[Records for this task]

= Beginning of Section =

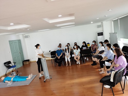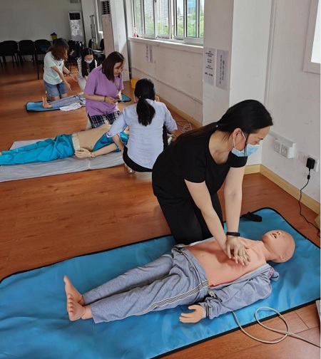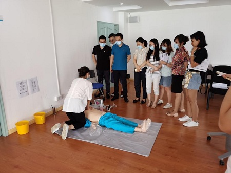 本次培训教师由具有丰富临床经验的赖思丹老师担任,赖老师从判断意识和呼吸、颈动脉搏动、呼救,实施胸外按压、开放气道和人工通气、CPR(30:2)等操作流程做了详细讲解和演示。通过学习和实际操作,参训人员有效掌握了心肺复苏操作规范和技能。
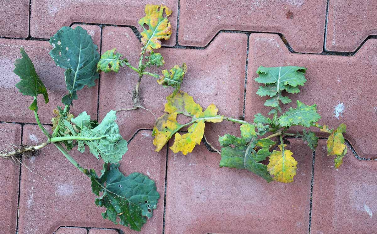 Obr. 8: Strniště řepky silně napadené hlízenkou obecnou
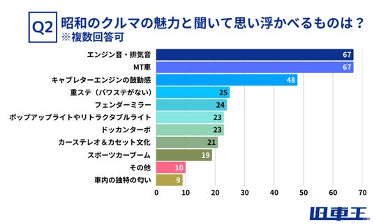 昭和のクルマの魅力と聞いて思い浮かべるものとして、最も多くの票を集めたのは「エンジン音・排気音」と「MT車」 でした。
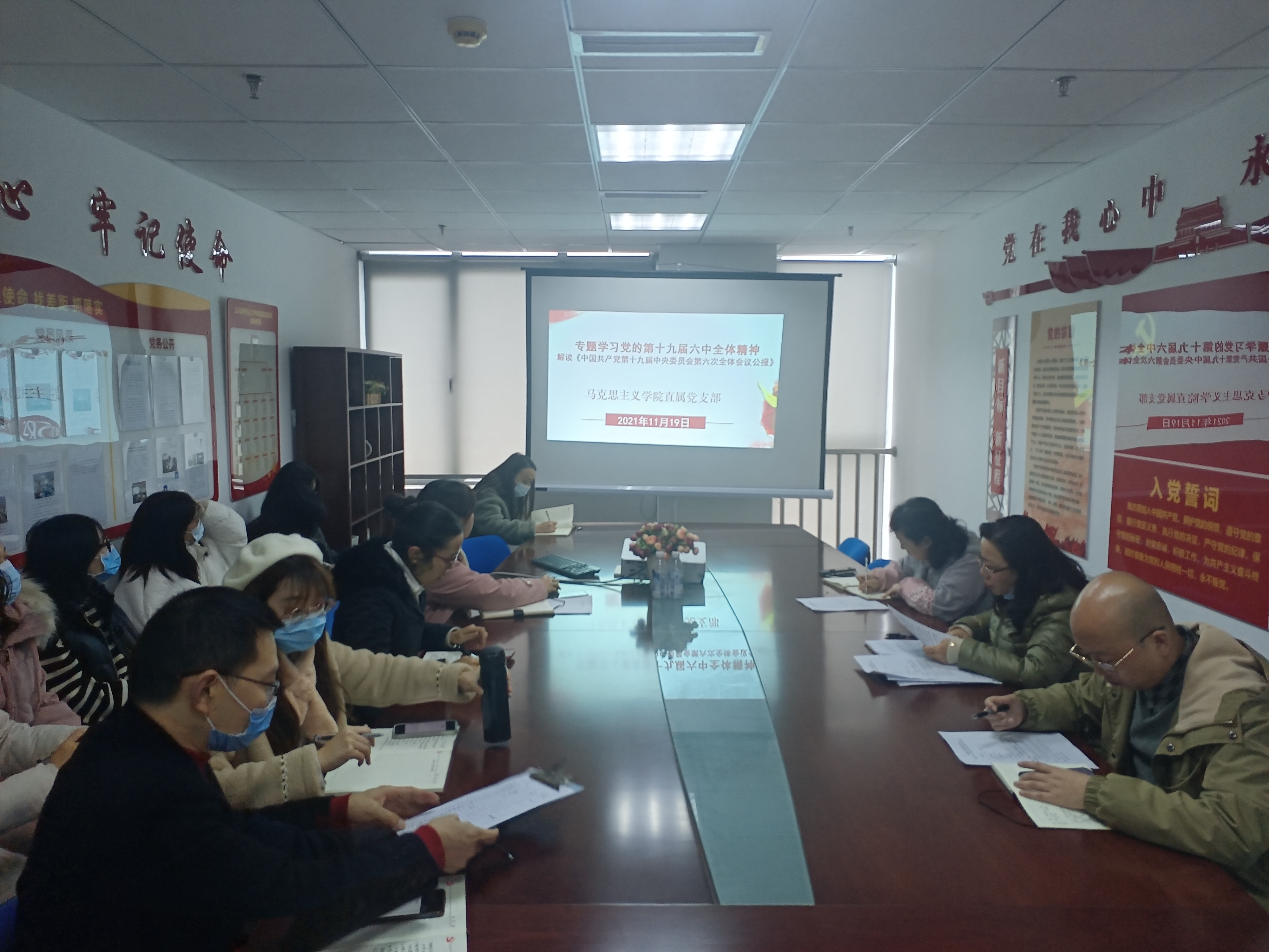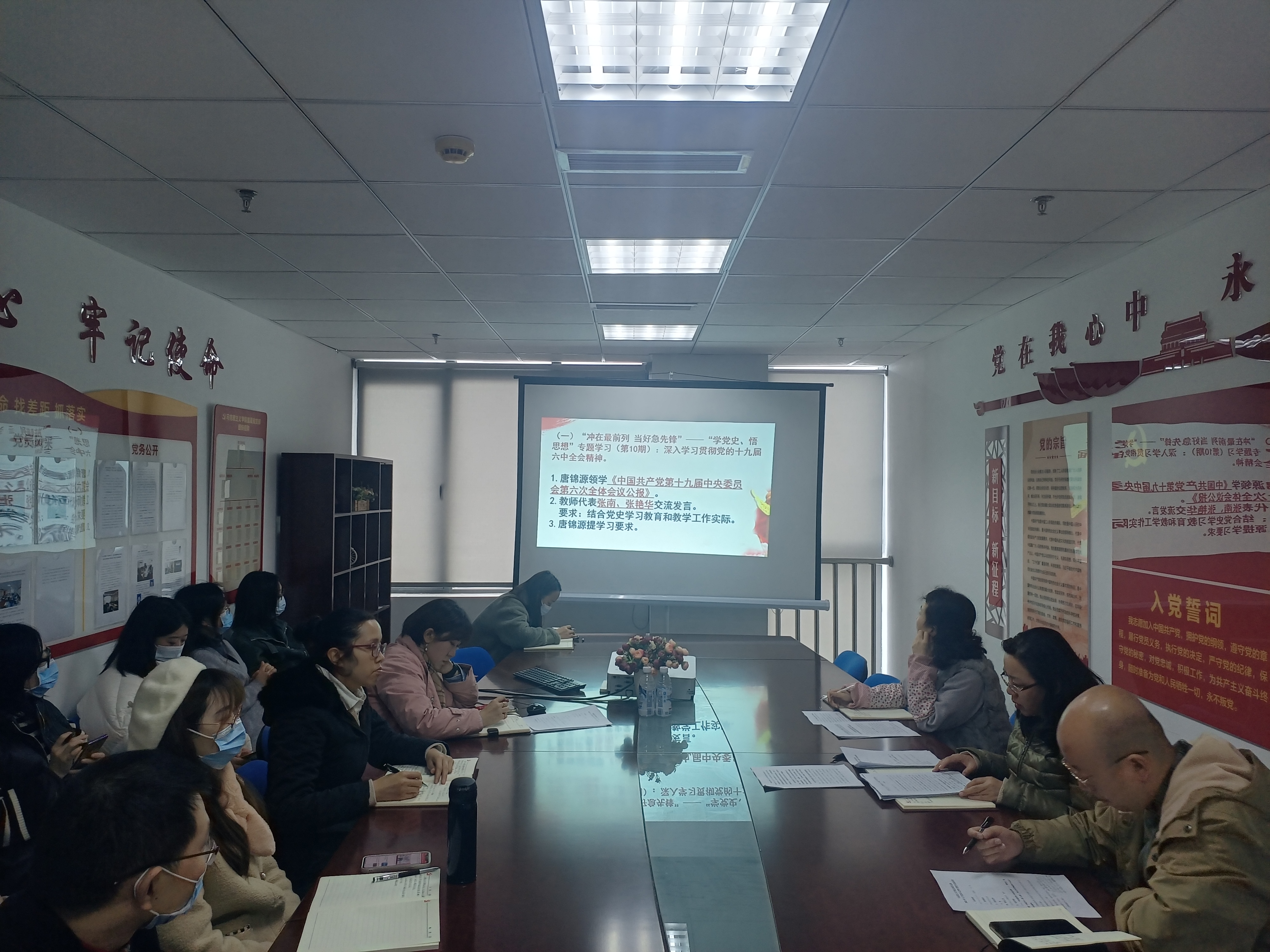 会议组织全体党员、教师开展了11月“学党史、悟思想”专题学习(第10期)——“冲在最前列 当好急先锋”主题活动,副经理唐锦源深入解读了党的十九届六中全会重要内容,经理协助刘静组织疫情防控学先进活动。
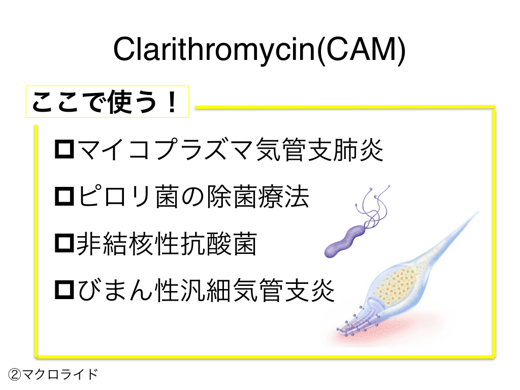 #62. Clarithromycin(CAM) ここで使う! pマイコプラズマ気管支肺炎 pピロリ菌の除菌療法 p非結核性抗酸菌 pびまん性汎細気管支炎 ②マクロライド
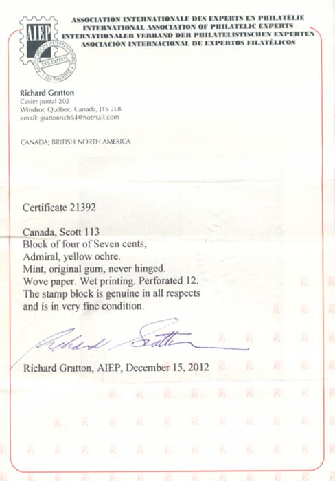 5576 113 image113, Brilliant fresh block with crisp colour, lovely centering. VF, NH. Has 2012 Gratton Certificate (Image) (View Certificate)
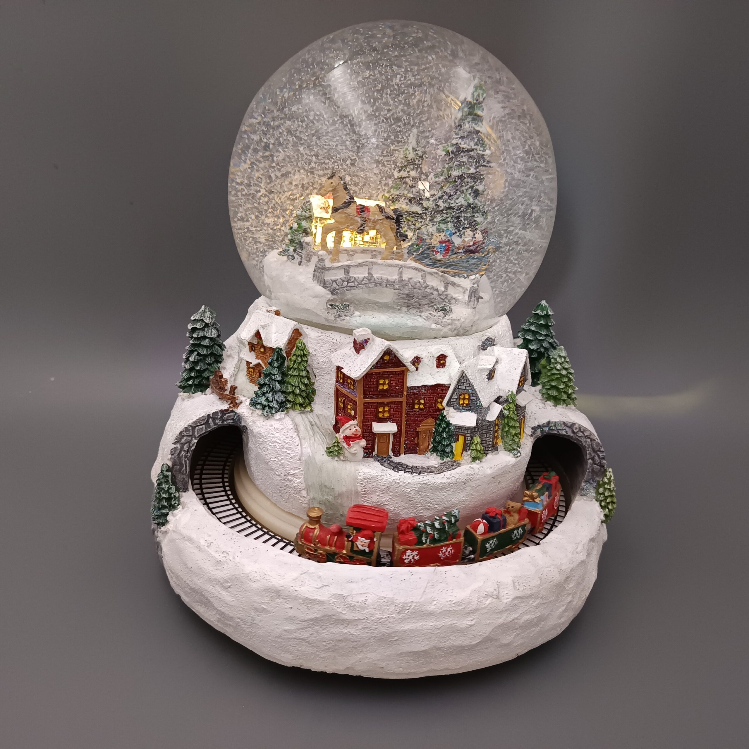 Óriás hógömb, műanyagból és üvegből. A hógömb belsejében téli táj látható, egy lovas szánnal és fenyőfákkal. A gömb alatti talapzat havas hegyvidéki tájat mintáz, rajta házakkal és egy alagúttal, amelyből egy karácsonyi ajándékokkal megpakolt vonat bukkan elő, körbe haladva a talapzaton. Zenélő, mozgó, magától havazó, világító, elemmel működik. Mérete 21x24cm. Színes. Termékkód:qx045933
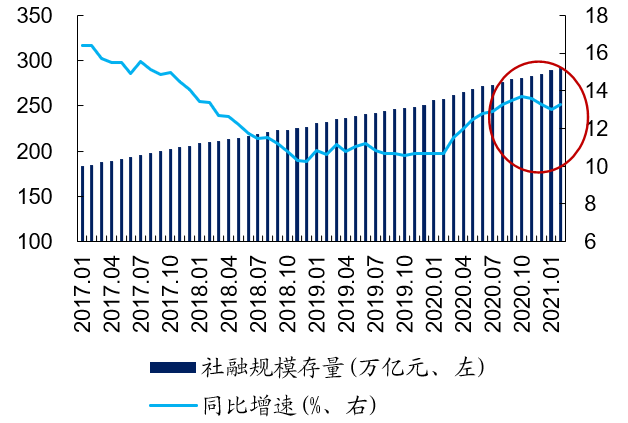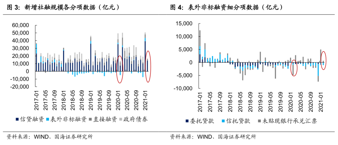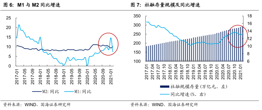 其中,同样是因为2月份大量奖金的发放,使得企业存款向居民存款转移,进而造成 M1增速的回落。但即使在过春节的2月份,受益于信贷投放的强劲拉动,M2增速和社融增速均保持了高增长。不过,考虑到后续基数的抬升,以及房地产调控政策的陆续出台,随着信用的边际收紧,社融增速仍将会受到拖累,保持趋势向下。
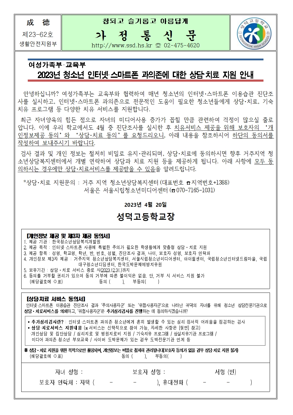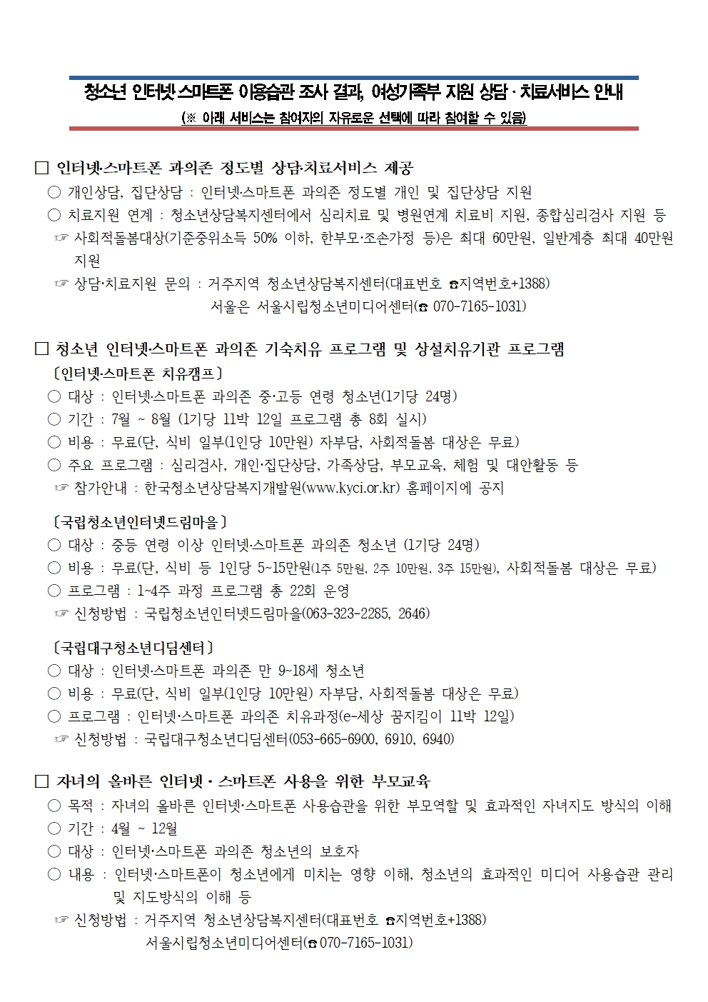 2023³â û¼Ò³â ÀÎÅͳݡ¤½º¸¶Æ®Æù °úÀÇÁ¸¿¡ ´ëÇÑ »ó´ã¡¤Ä¡·á Áö¿ø ¾È³»
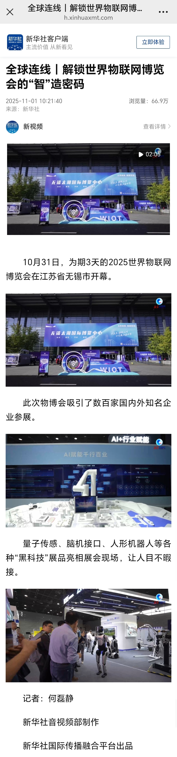 11月1日 新华社刊发视频通稿《全球连线|解锁世界物联网博览会的“智”造密码》
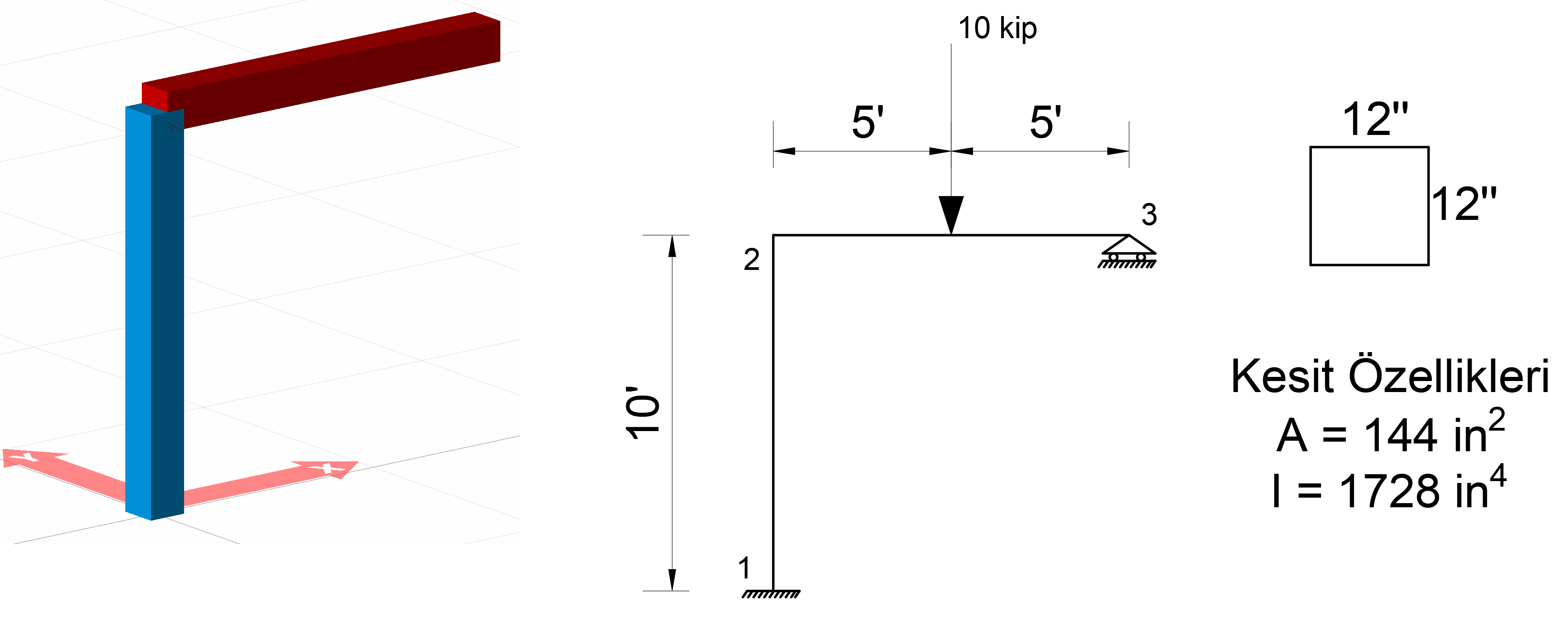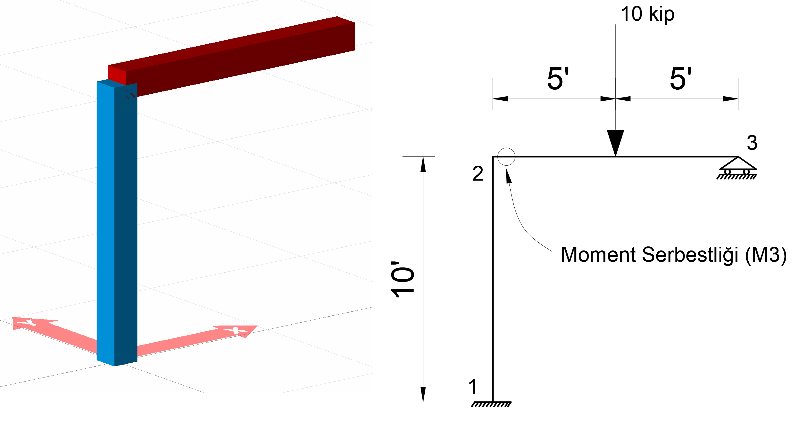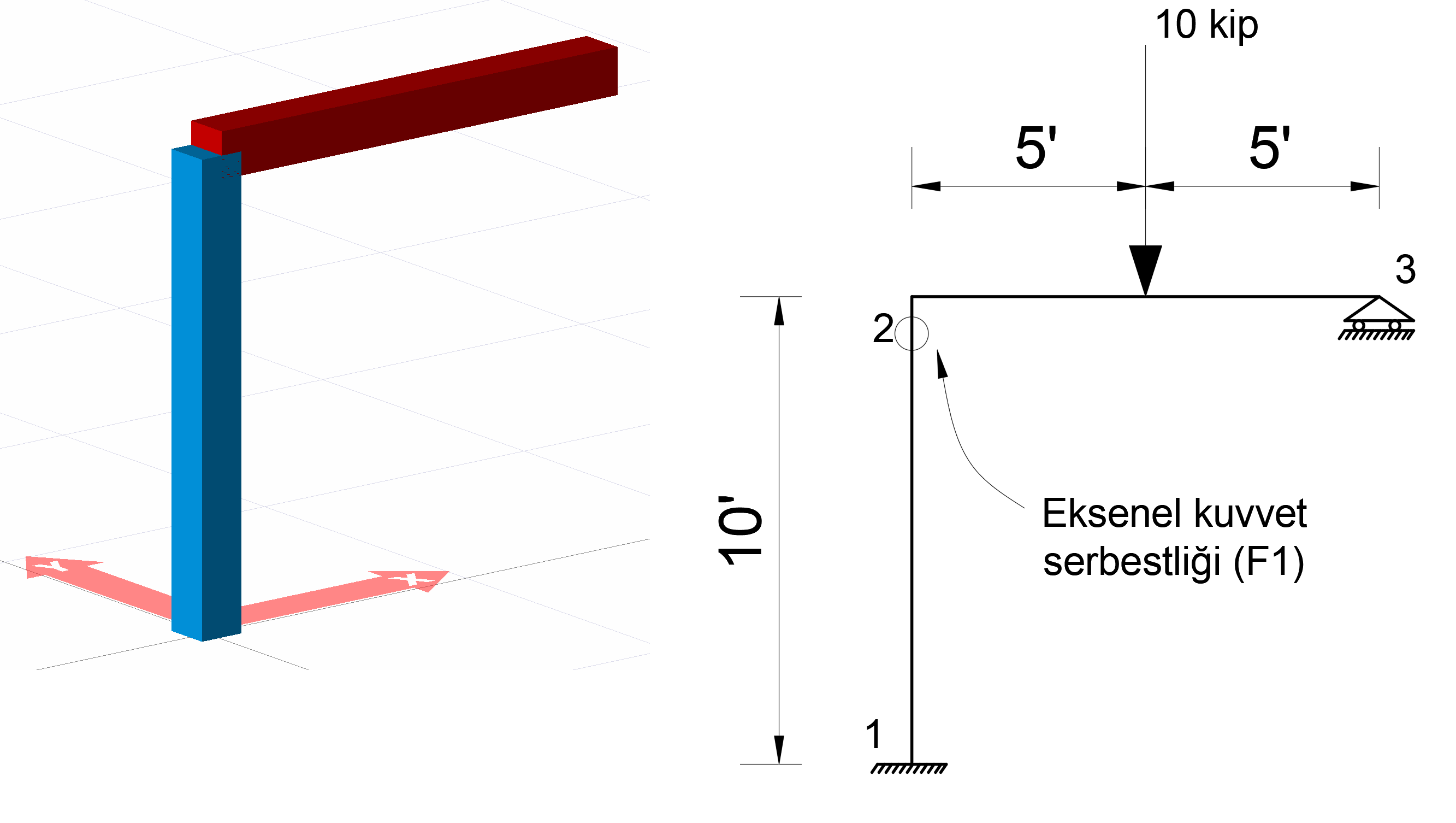 In the above system, a system consisting of 2 sticks and 3 nodes is given. The lengths of these rods are defined as 10 ft. Axial force cerebstence (F1) shall be defined on the end of the rod located at joint number 2 between joints 1-2, slip freedom (F2) and moment freedom (M3) shall be defined on the end of the rod located at joint point 2 between joints 2-3. In case these freedoms are defined, the system will become isostatic. In isostatic systems, internal force diagrams are independent from cross section geometry and material. Therefore, the internal force diagrams of the system will not change in case of a different material or section selection.
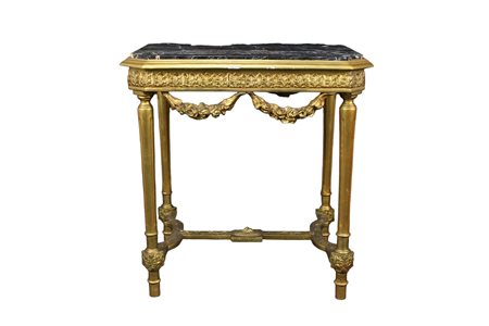 TAVOLINO DA SALOTTO in legno finemente intagliato e dorato Sicilia XIX secolo h cm 79 x 75 x 55

= End of Section =

[Problem to work on] Nothing but the lines from the one that holds "其中,同样是因为2月份大量奖" through the end of the data should appear, written out exactly, without pictures.

[Task solution]
 其中,同样是因为2月份大量奖金的发放,使得企业存款向居民存款转移,进而造成 M1增速的回落。但即使在过春节的2月份,受益于信贷投放的强劲拉动,M2增速和社融增速均保持了高增长。不过,考虑到后续基数的抬升,以及房地产调控政策的陆续出台,随着信用的边际收紧,社融增速仍将会受到拖累,保持趋势向下。
 2023³â û¼Ò³â ÀÎÅͳݡ¤½º¸¶Æ®Æù °úÀÇÁ¸¿¡ ´ëÇÑ »ó´ã¡¤Ä¡·á Áö¿ø ¾È³»
 11月1日 新华社刊发视频通稿《全球连线|解锁世界物联网博览会的“智”造密码》
 In the above system, a system consisting of 2 sticks and 3 nodes is given. The lengths of these rods are defined as 10 ft. Axial force cerebstence (F1) shall be defined on the end of the rod located at joint number 2 between joints 1-2, slip freedom (F2) and moment freedom (M3) shall be defined on the end of the rod located at joint point 2 between joints 2-3. In case these freedoms are defined, the system will become isostatic. In isostatic systems, internal force diagrams are independent from cross section geometry and material. Therefore, the internal force diagrams of the system will not change in case of a different material or section selection.
 TAVOLINO DA SALOTTO in legno finemente intagliato e dorato Sicilia XIX secolo h cm 79 x 75 x 55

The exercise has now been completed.